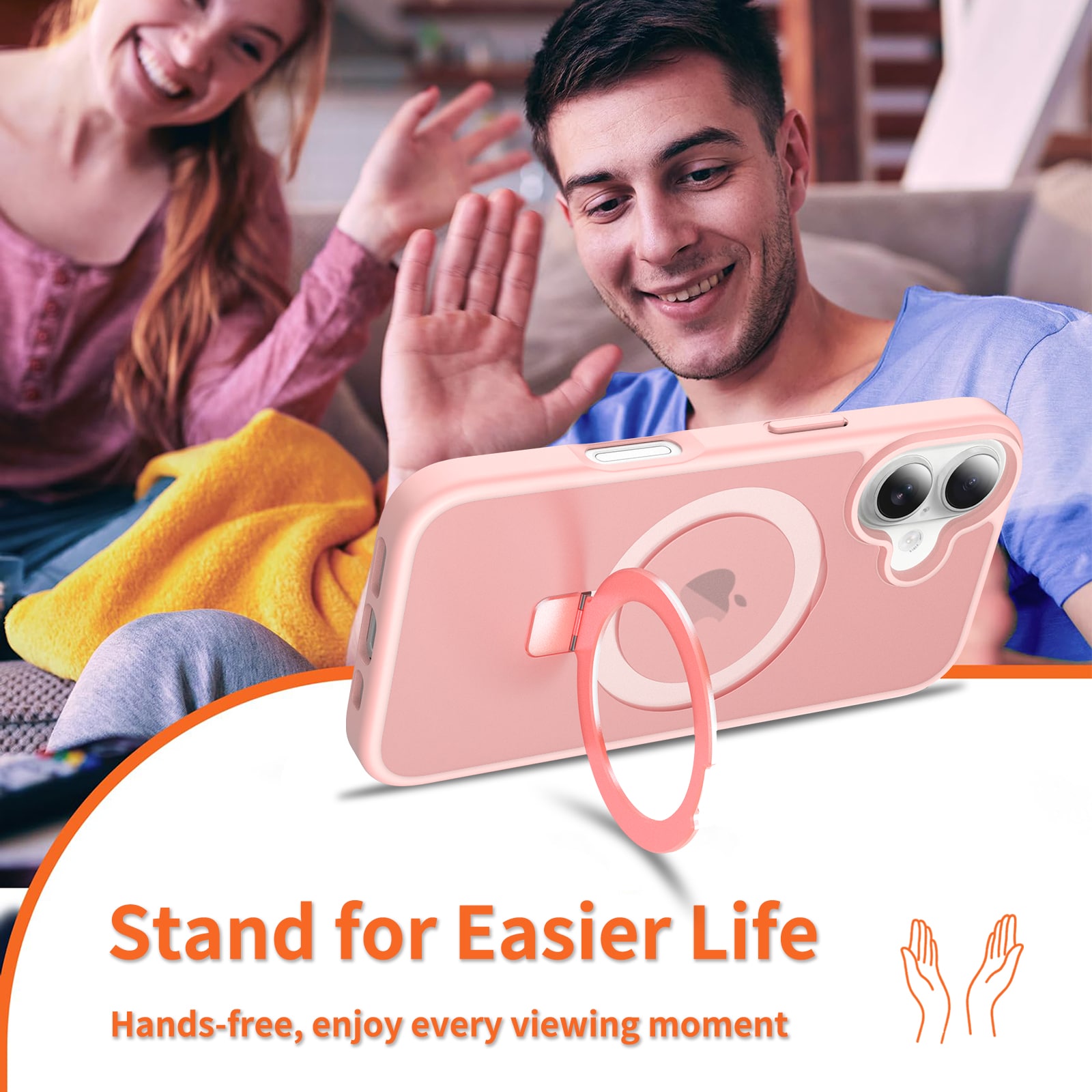 - Utfällbar MagSafe-ring som kan användas som mobilställ
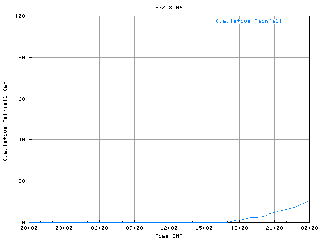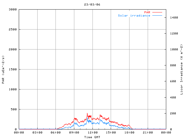 The PML meteorological station, situated on the south-west corner of the building roof, consists of a Hygroclip S3 temperature and humidity sensor housed in a radiation shield, a Mierij Meteo solid state wind sensor (MMW-005), a Chelsea instruments half-hemisphere PAR sensor, a Li-Cor pyranometer (LI-200SZ) and an Omni Instruments 6" tipping bucket raingauge (RG200). The data are logged every 5 minutes using a Pace Scientific XR5 data logger. The real-time rainfall data is likely in error - the correct values will be displayed after a time lag of approximately 24 hours. The meteorological station is sheltered from winds in the north-east and underestimates winds from this quarter. To use these data please contact Dr Tim Smyth.
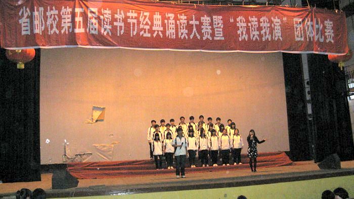 4月23日晚和4月25日下午,我校第五屆讀書節(jié)經(jīng)典誦讀大賽暨“我讀我演”活動(dòng)分別在教學(xué)樓二階和校大禮堂舉行。比賽分兩場(chǎng)進(jìn)行。上半場(chǎng)是經(jīng)典誦讀個(gè)人項(xiàng)目比賽,來自各班的35組選手(個(gè)人或多人)對(duì)中國經(jīng)典詩文的準(zhǔn)確把握和深刻領(lǐng)悟贏得了現(xiàn)場(chǎng)觀眾的陣陣掌聲。經(jīng)過兩個(gè)小時(shí)的激烈角逐,通信1003班的林皓輝、林媛清同學(xué)獲得了一等獎(jiǎng)。下半場(chǎng)是經(jīng)典誦讀集體項(xiàng)目比賽,各班級(jí)代表隊(duì)演繹了《滿江紅》、《祖國啊、我親愛的祖國》、《我愛這土地》、《青春萬歲》等中華經(jīng)典篇目。演出現(xiàn)場(chǎng)秩序井然、場(chǎng)面熱烈。同學(xué)們用詩文表達(dá)愛國情懷,用聲音展示朗誦藝術(shù)的魅力。經(jīng)過一番精彩迭出的比賽,最終,網(wǎng)絡(luò)技術(shù)五年專以全場(chǎng)最高分奪得了一等獎(jiǎng)的桂冠。

§ Instructions to follow: Your task is an exact transcription of all the data, minus the pictures.

§ Result of the task:
 - Utfällbar MagSafe-ring som kan användas som mobilställ
 The PML meteorological station, situated on the south-west corner of the building roof, consists of a Hygroclip S3 temperature and humidity sensor housed in a radiation shield, a Mierij Meteo solid state wind sensor (MMW-005), a Chelsea instruments half-hemisphere PAR sensor, a Li-Cor pyranometer (LI-200SZ) and an Omni Instruments 6" tipping bucket raingauge (RG200). The data are logged every 5 minutes using a Pace Scientific XR5 data logger. The real-time rainfall data is likely in error - the correct values will be displayed after a time lag of approximately 24 hours. The meteorological station is sheltered from winds in the north-east and underestimates winds from this quarter. To use these data please contact Dr Tim Smyth.
 4月23日晚和4月25日下午,我校第五屆讀書節(jié)經(jīng)典誦讀大賽暨“我讀我演”活動(dòng)分別在教學(xué)樓二階和校大禮堂舉行。比賽分兩場(chǎng)進(jìn)行。上半場(chǎng)是經(jīng)典誦讀個(gè)人項(xiàng)目比賽,來自各班的35組選手(個(gè)人或多人)對(duì)中國經(jīng)典詩文的準(zhǔn)確把握和深刻領(lǐng)悟贏得了現(xiàn)場(chǎng)觀眾的陣陣掌聲。經(jīng)過兩個(gè)小時(shí)的激烈角逐,通信1003班的林皓輝、林媛清同學(xué)獲得了一等獎(jiǎng)。下半場(chǎng)是經(jīng)典誦讀集體項(xiàng)目比賽,各班級(jí)代表隊(duì)演繹了《滿江紅》、《祖國啊、我親愛的祖國》、《我愛這土地》、《青春萬歲》等中華經(jīng)典篇目。演出現(xiàn)場(chǎng)秩序井然、場(chǎng)面熱烈。同學(xué)們用詩文表達(dá)愛國情懷,用聲音展示朗誦藝術(shù)的魅力。經(jīng)過一番精彩迭出的比賽,最終,網(wǎng)絡(luò)技術(shù)五年專以全場(chǎng)最高分奪得了一等獎(jiǎng)的桂冠。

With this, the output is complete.